→ **What is being asked**:
Of the entries below, repeat exactly only those lines from the one containing "In a post on" through the last line, with pictures omitted.

..........

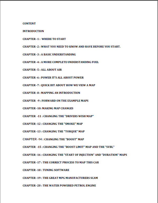 this book to help people that want to get into the business of re-mapping cars, I say cars but it actually is relevant to any form of combustion engine
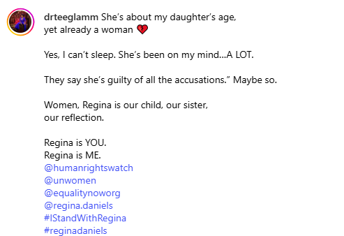 In a post on her Instagram page on Sunday, November 9, the United States trained medical doctor and mental health expert said she’s been having difficulty sleeping due to Regina’s ordeal.
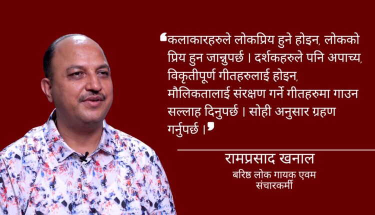 म एक लोक गायक हो, त्यो भनेको लोकको गायक, लोक भनेको समाज, जनता हो । लोकले मन पराउने गीत गाउने हो । तिज गीत गाएपनि वा दोहोरी गीत भए पनि । दोहोरी भनेर फोहोरी गीत गाएको पाइन्छ । बिजोग छ अवस्था । तर, यति भनिरहँदा राम्रा गीतहरु पनि आएका छन् । राम्रो पनि भइरहेको छ । गीत संगीतको विकास पनि भइरहेको छ ।, गीत छनोट गरेर अघि बढ्नुपर्छ । कलाकार र दर्शक वा स्रोतहरु सुध्रिनु पर्छ ।
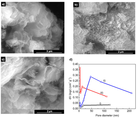 SEM micrographs of (a) GCN, (b) GCN-T-N, and (c) GCN-T. (d) Barrett–Joyner–Halenda pore volume distribution derived from the N2 adsorption isotherms of (i) GCN, (ii) GCN-T-N, and (iii) GCN-T at −196 °C.
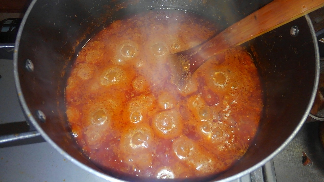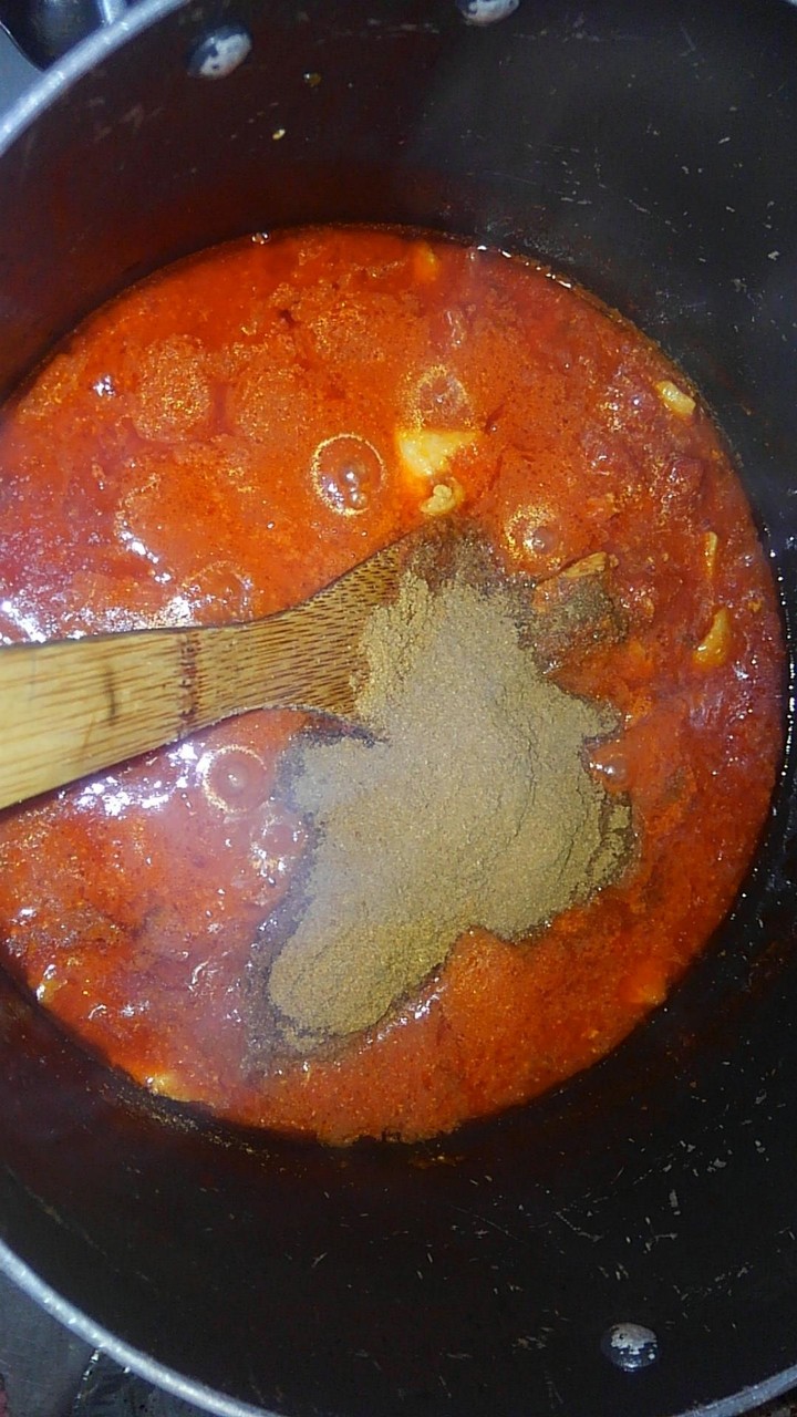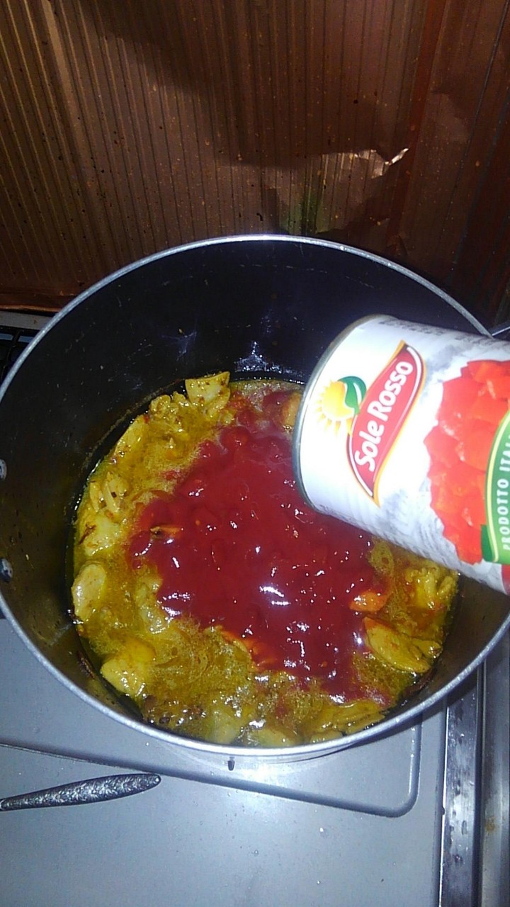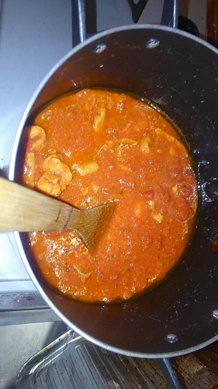 さてそろそろ鶏肉もいい感じだからトマト缶をぶちこむぜ

..........

→ **Written response**:
 In a post on her Instagram page on Sunday, November 9, the United States trained medical doctor and mental health expert said she’s been having difficulty sleeping due to Regina’s ordeal.
 म एक लोक गायक हो, त्यो भनेको लोकको गायक, लोक भनेको समाज, जनता हो । लोकले मन पराउने गीत गाउने हो । तिज गीत गाएपनि वा दोहोरी गीत भए पनि । दोहोरी भनेर फोहोरी गीत गाएको पाइन्छ । बिजोग छ अवस्था । तर, यति भनिरहँदा राम्रा गीतहरु पनि आएका छन् । राम्रो पनि भइरहेको छ । गीत संगीतको विकास पनि भइरहेको छ ।, गीत छनोट गरेर अघि बढ्नुपर्छ । कलाकार र दर्शक वा स्रोतहरु सुध्रिनु पर्छ ।
 SEM micrographs of (a) GCN, (b) GCN-T-N, and (c) GCN-T. (d) Barrett–Joyner–Halenda pore volume distribution derived from the N2 adsorption isotherms of (i) GCN, (ii) GCN-T-N, and (iii) GCN-T at −196 °C.
 さてそろそろ鶏肉もいい感じだからトマト缶をぶちこむぜ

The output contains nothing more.